Last night's electoral primary battles in major states had 2 very important results: 1. It proved that my previous blog from September 30, 2009 was accurate in predicting that women will save the G.O.P. and 2. It set up the former CEO of Hewlett Packard, Carly Fiorina for a Senate seat run versus incumbent Barbara Boxer and the former CEO of EBay, Meg Whitman's to run the State of California as governor.

As the son of a Republican mother, I am proud to see 2 women running for major offices in a major state. While I disagree with most of their stances on issues, I disagree even more with CEO politicians.

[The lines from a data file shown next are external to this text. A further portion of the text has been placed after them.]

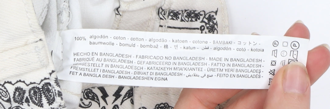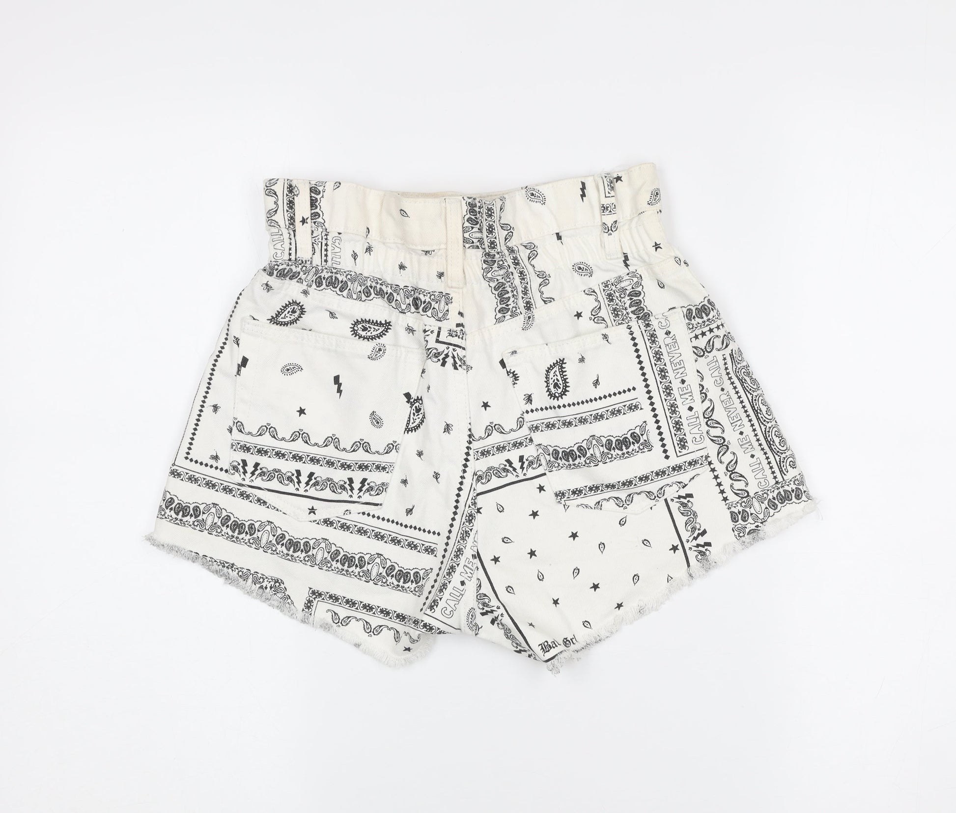 Bershka Women’s White High Rise Cut-Off Cotton Shorts Size 8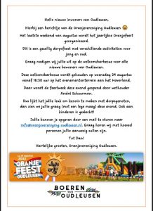 Nieuwe inwoners van Oudleusen: opgelet! door admin | aug 14, 2022 | Plaatselijk Belang Bericht voor alle nieuwe inwoners van Oudleusen: Ben je in 2019 of daarna in Oudleusen komen wonen? En heb je zin in een gezellige barbecue? Geef je dan op!! Dat kan door een mail te sturen naar: info@oranjevereniging-oudleusen.nl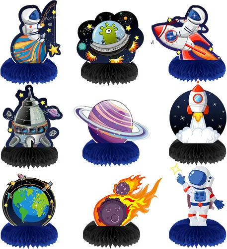 Contenido del paquete: recibirás 9 centros de mesa temáticos de panal para el espacio exterior en diferentes estilos, incluyendo astronauta, nave espacial, cohete, planeta, OVNI, etc. Ahorra tiempo aburrido a tu familia y añade una colorida exhibición a tus decoraciones de mesa de fiesta Diseño adorable: muchos niños sueñan con ser un astronauta para explorar el espacio exterior; puedes aplicar estos adornos de mesa para decorar mesas, mesas de comedor, escritorios, mesas de regalo o alrededor de cupcakes y postres. Las imágenes creativas y novedosas traerán a los niños una increíble fiesta visual Acabado fino: las decoraciones de mesa de doble cara están hechas de papel resistente, resistente y no es fácil de romper, que son confiables de usar y no se deforman fácilmente; adoptando una buena tecnología de impresión, estos centros de mesa de panal cuentan con colores vibrantes y no se decoloran fácilmente, soportando un uso prolongado Fácil de montar: los centros de mesa del espacio exterior son muy fáciles de armar; primero, necesitas encontrar la calcomanía de la bola de panal y arrancarla, luego tirar, girar y pegar al otro lado, repetirlo en el lado opuesto, finalmente puedes ventilar la base; será un momento feliz para montarlos con tu familia Amplio uso: los centros de mesa de papel de panal son adecuados como decoración o accesorios de fotos para fiestas temáticas de cumpleaños, fiestas temáticas del espacio exterior, fiestas temáticas de galaxia, fiestas temáticas del sistema solar, baby showers, festivales, fiestas de disfraces, etc. También serán regalos ideales para aquellos que aman el espacio exterior, cohetes y planetas
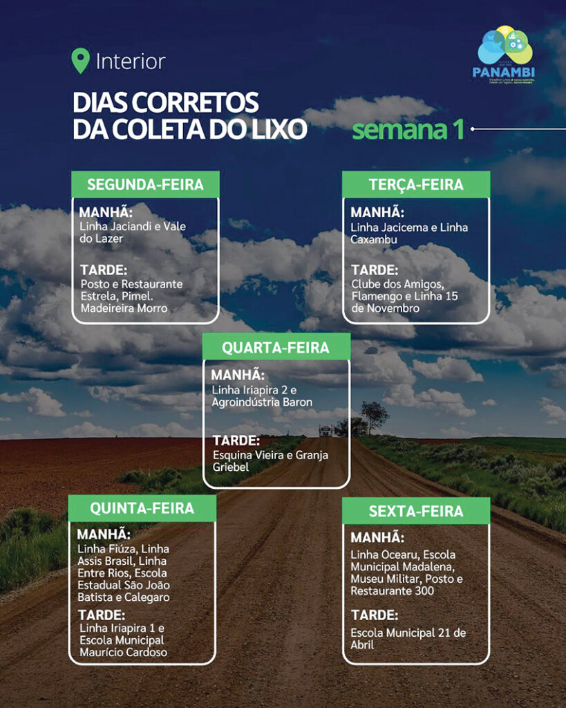 Pensando no cuidado com o meio ambiente, na organização das comunidades e no bom planejamento dos moradores do interior, o Município de Panambi mantém um cronograma estruturado de coleta, dividido em Semana 1 e Semana 2, contemplando as linhas do interior de forma eficiente e responsável.

Without a doubt, it takes incredible amount of intelligence and business acumen for both women to have obtained the CEO position of 2 of the world's leading technology companies. There accomplishments as business women are unparalleled. And both candidates are promising to bring a "business mentality" to the running California. But the skill sets required to successfully run a corporation and to govern a state are very different. Companies are run like dictatorships, while states are run by consensus.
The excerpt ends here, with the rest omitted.